The provincial department has yet to respond to requests for comment on the saga, but has promised to issue a statement “shortly”. Last week, the department’s lawyers conceded in the North Gauteng High Court in Johannesburg that all protocols and regulations were flouted during the transaction.

Lawyer Dawie Joubert said the officials needed to be disciplined by the department, which should be followed by suspensions. In early December last year, Gauteng Premier David Makhura filed an affidavit in an application to freeze the accounts of A Re Ageng following allegations that their accounts were untrustworthy.

READ MORE: Makhura denies involvement in dodgy R10m payment

This was after a dispute between the department and A Re Ageng in which the department tried to send money to Life Esidimeni’s non-profit organisation, Life Recovery Centre, using A Re Ageng’s bank account as a conduit in October last year.

A Re Ageng director Mpuleng Lenyehelo smelled a rat when an amount of over R10 million was transferred into the NGO’s Absa Bank account with an untraceable account and reference number.

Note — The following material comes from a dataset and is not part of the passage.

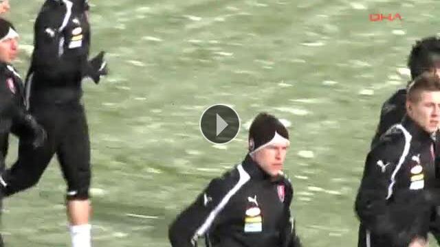 Slovakya Milli Takımı'nın, Bursa Atatürk Stadı'nda gerçekleştirdiği antrenman öncesinde yağan kar, saha zeminini kapattı.

A similar transaction had taken place successfully to the same account in June last year, in which an amount of R13 million was sent to A Re Ageng with instructions to send the money to the Life Recovery Centre “as a matter of urgency”.

But this time, Lenyehelo only received a call two weeks later notifying her that the money was from the department. In her answering affidavit, Lenyehelo noted that while the department claimed that this transfer was a matter of urgency, no urgent application was brought before court in this regard.

When the second amount (R10 million) was sent in October, Lenyahelo said that things took a turn for the worse after she started asking questions.

Several incidences of suspected account hacking occurred before R5 million “disappeared” from the account and was paid to a fuel company.

The NGO claims it was not involved in the payment and that their account was hacked. The matter continues in court on Friday.